Roche asserted from the start of the case that Erlocip is Erlotinib Hydrochloride, whereas Cipla’s patent claim was for Polymorph B of the chemical Erlotinib Hydrochloride. “Any process involved in making Polymorph B of Erlotinib Hydrochloride would involve the preparation of Erlotinib Hydrochloride itself,” the Judge concluded. “A perusal of US ‘221 reveals that Erlotinib Hydrochloride in Polymorph B form results from re-crystallization of Erlotinib Hydrochloride using different solvents and temperature conditions.” As a result, if the suit was determined to disclose Erlotinib Hydrochloride, every polymorphic form of the same would infringe on the suit patent since Erlotinib Hydrochloride would be at the heart of every polymorphic version. “This compound may exist in various polymorphic forms,” the patent IN 774 noted, “but all such forms shall be subsumed under its patent.” As a polymorphic version of Erlotinib Hydrochloride, Cipla’s Erlocip will very probably infringe on Roche’s IN 774.” As a result, the case was decided in Roche’s favor.
The decision outlawed certain methods and rules that should be followed in every patent infringement case. They are: first, infringement is not shown by affirmative proof, which includes the defendant company’s medical and clinical study of a product. Second, an infringement assessment does not compare an allegedly infringing product to the marketed product; rather, it compares it to the patent’s claims. Finally, it was stated that in this circumstance, the right test is to map Cipla’s product against Roche’s patent claims. Finally, a 16-step test for developing patent claims in order to determine the patent’s breadth and determine if there has been any infringement was established. This may be used as a template for any patent infringement lawsuit.
The 2005 amendment demonstrated that India has implemented an IP policy that reflects the spirit of the WTO while also maintaining a clause barring ‘Evergreening,’ which is the practice of making pricey medications available at low prices to encourage market competition. The Indian judiciary has demonstrated through cases such as Novartis and Cipla that Section 3(d) is acting as a safeguard against Evergreening of patents, as pharmaceutical companies have a habit of simply changing one component that has no effect on the efficacy of the product and re-applying for the product. This effectively slows down research and development and contributes to the country’s decline.

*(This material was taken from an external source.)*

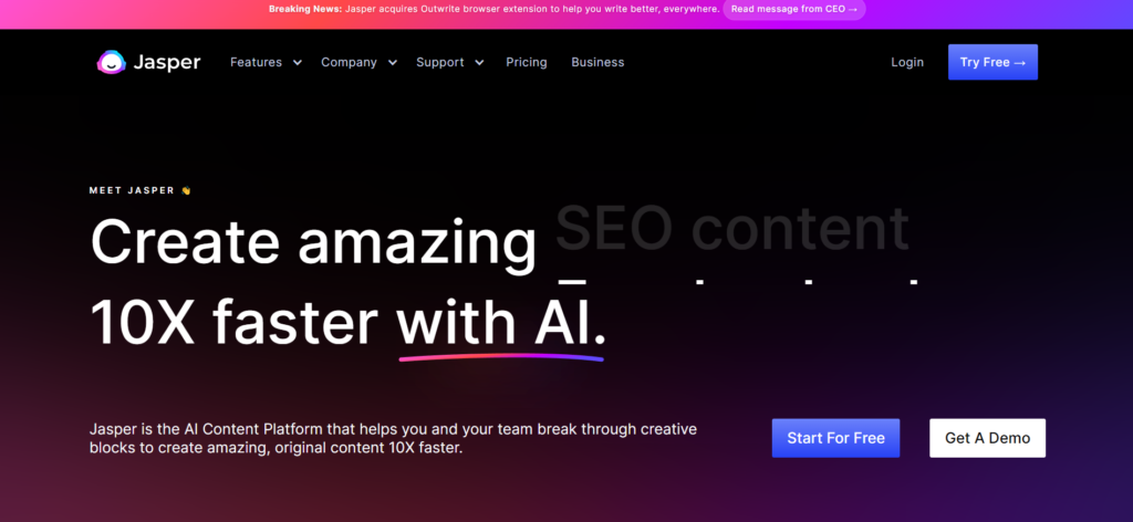 Jarvis is One of the top artificial intelligence (AI) tools for copywriting; it facilitates the creation of content quickly. Their homepage describes the tool as “your AI writing helper that makes it fast & easy to write content for your blog, social media posts, landing pages, web pages, and more,” with a primary focus on marketing copy (which includes blog articles).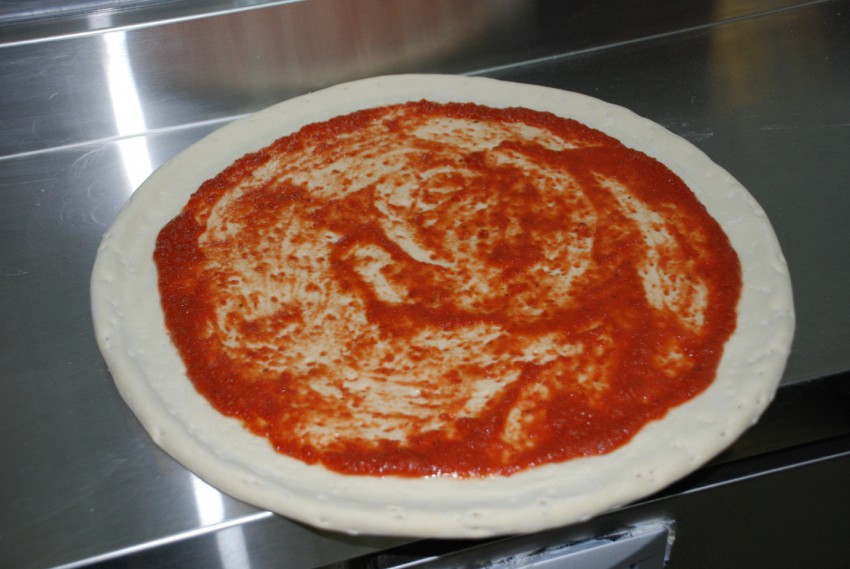 Следующим важным элементом вкусной пиццы, является соус. Мы применяем настоящий пицца-соус, который на 98% состоит из томатов, а на 2% из соли, сахара, базилика и перца.

Second, these decisions have demonstrated that the public benefit will be the most important factor to consider when granting and reviewing patent applications. If Roche had been given the patent by the Controller of Patents in New Delhi, the cancer therapy would have been out of reach for many patents because of the high cost of the drugs. In India, patent rules stimulate inventions but do not provide unlimited rights; instead, they grant a limited right that encourages greater research and development and the production of superior medicines on the market.